Хозяйка дома пренебрежительно отмахнулась от тетради.
— Написать можно что угодно, - наглым тоном заявила она, - а Малгося подтвердит это своей подписью, если ей велят. Она и не смотрит, что подписывает. Ты себе насчитала слишком много. Я тебе заплачу за десять часов, и ни копейки больше!
Тереска почувствовала что-то вроде удушья и, потрясенная, обернулась к своей ученице.
— Малгося! ..
— Малгося, деточка, ты же не смотрела, под чем подписываешься.
Малгося, сидевшая за столом, глядела на Тереску смущенно, но и не без злорадства.
— Я... не помню... конечно же, не смотрела!
У Терески пропал голос. Обвинение в мошенничестве было столь чудовищным и неправдоподобным, что ей не верилось в происходящее. Малгося и ее мать показались ей вдруг противными до невыносимости. Она боялась, что ее хватит удар, оскорбленная честь не позволяла рассуждать здраво, и отвращение победило все остальные чувства.
Дама вынула деньги из кошелька.
— Триста злотых, - твердо объявила она. — За десять часов триста злотых.
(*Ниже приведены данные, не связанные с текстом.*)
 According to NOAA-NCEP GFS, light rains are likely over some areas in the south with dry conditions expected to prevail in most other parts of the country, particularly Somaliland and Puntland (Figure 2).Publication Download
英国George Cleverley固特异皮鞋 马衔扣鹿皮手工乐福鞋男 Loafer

Больше не было никаких занятий.
Тереска гордо выпрямилась.
— Плевать я хотела на ваши триста злотых! — ледяным тоном проговорила она, не думая о последствии. - Я знаю, сколько было уроков, и знаю, что больше не будет ни одного. Поищите себе другой объект для оскорблений.
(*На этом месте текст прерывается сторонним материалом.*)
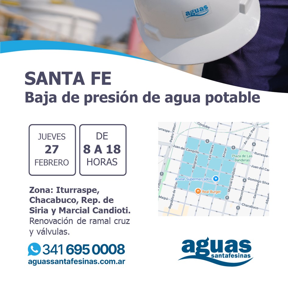 Aguas Santafesinas informó a los usuarios que mañana jueves 27 de febrero entre las 08:00 y las 18:00 se registrará una disminución en la presión del suministro de agua potable. El motivo es la renovación de una pieza especial de la red de distribución de agua potable.
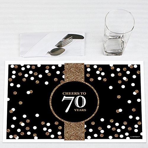 -. Feature : Adult 70th Birthday - Gold - Birthday Party Placemats - Set of 12. Each 70th birthday placemat is 12" inches x 18.5" inches. / Perfect inexpensive table decorations to wow all your guests. **Please note the glitter is faux...which means it is P.R.Inted to look like glitter, it is not real glitter / Placemats are meant for one-time use and are disposable. / P.R.Inted on light weight and smooth paper. / During shipping they are rolled to protect the placemats. To flatten them for your table décor - simply reverse roll.
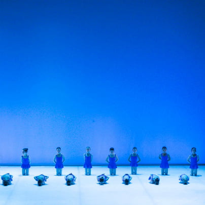 V stilu sodobnega performansa so dijaki 3. in 4. letnika dočakali gledalce, se smukali in nasmihali, sedeli na stolih in gledalce tudi vljudno popeljali do njihovih prostorov, vmes se raztegovali, zaigrali na klavirju in vadbeno segrevali, ves čas pa nudili simpatično improviziran program, ko so se mladenke spretno pregibale ter plazile v belih vadbenih tutujih. Ko pa so gledalci zasedli vsa prosta mesta, so tekle talne inspiracije, kot je valjanje, so obrati, je plazenje po tleh pred avditorijem in na delu odra pred spuščeno zaveso, nalaganje teles eno na drugo, se vrstili prevali, in še kaj, kar je zabavalo njih in prisotne. Potem so akterji počasi zdrseli proti zavesam in nevidno izginili za spuščenimi tekstilijami. …
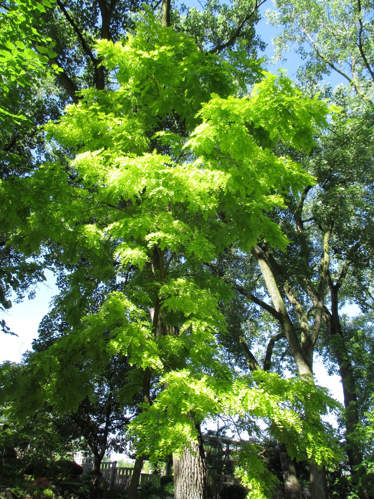 the golden foliage of 'Frisia' black locust (Robinia pseudoacacia) illuminates this space - woody tree
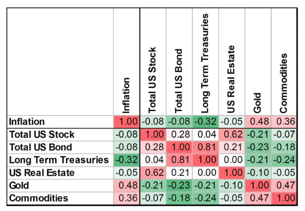 一方で米国株、米国債券、長期米国債、さらに以外にも米国不動産はインフレ率との相関係数がすべてマイナスです。インフレ率が上昇すると価格が下がりやすい傾向にあることを意味します。
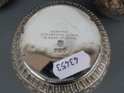 A Victorian Goldsmiths and Silversmiths Company hallmarked silver bachelors tea set in the Indian style, London 1891, weight 580g all in, height of the teapot 12.5cm
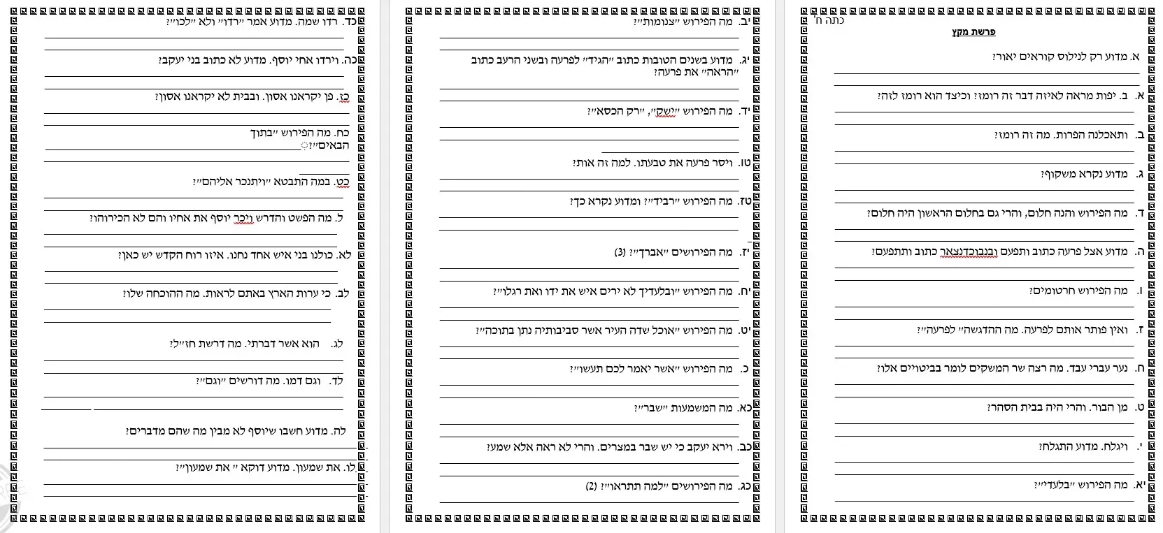 כיתה ח' 59 שאלות פרשת מקץ
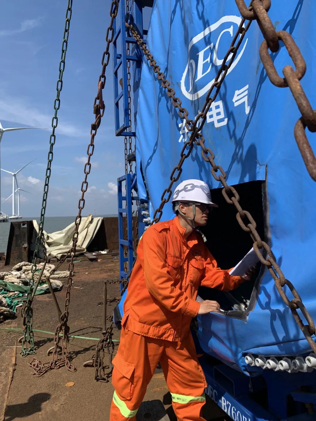 ◆壹号娱乐-com - NG大舞台,有梦你就来国际职工正在核对越南长海3期海上风电项目相关数据,协调风机吊装工作
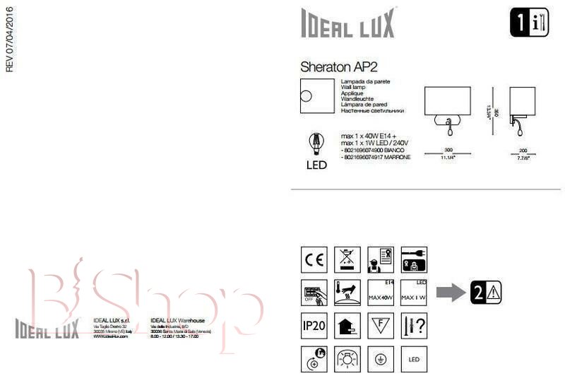 Кількість ламп: 1. Тип цоколя: E14. Висота (див): 35. Потужність лампи (Вт): 40. Довжина (див): 30.

Руки у нее тряслись, когда она торопливо собирала свои вещи, решив плюнуть и на эти паршивые деньги, и на эту паршивую семейку. Как можно быстрее покинуть этот зачумленный дом! Пускай они этими злотыми подавятся, какое свинство, какое страшное свинство...
Малгося по-прежнему сидела у стола, встревоженно глядя на Тереску. Ее мамаша на диво быстро упрятала деньги в кошелек.
— Как хочешь, - сказала она, даже не пытаясь скрыть удовольствия. - Но ты бы могла вести себя повежливее.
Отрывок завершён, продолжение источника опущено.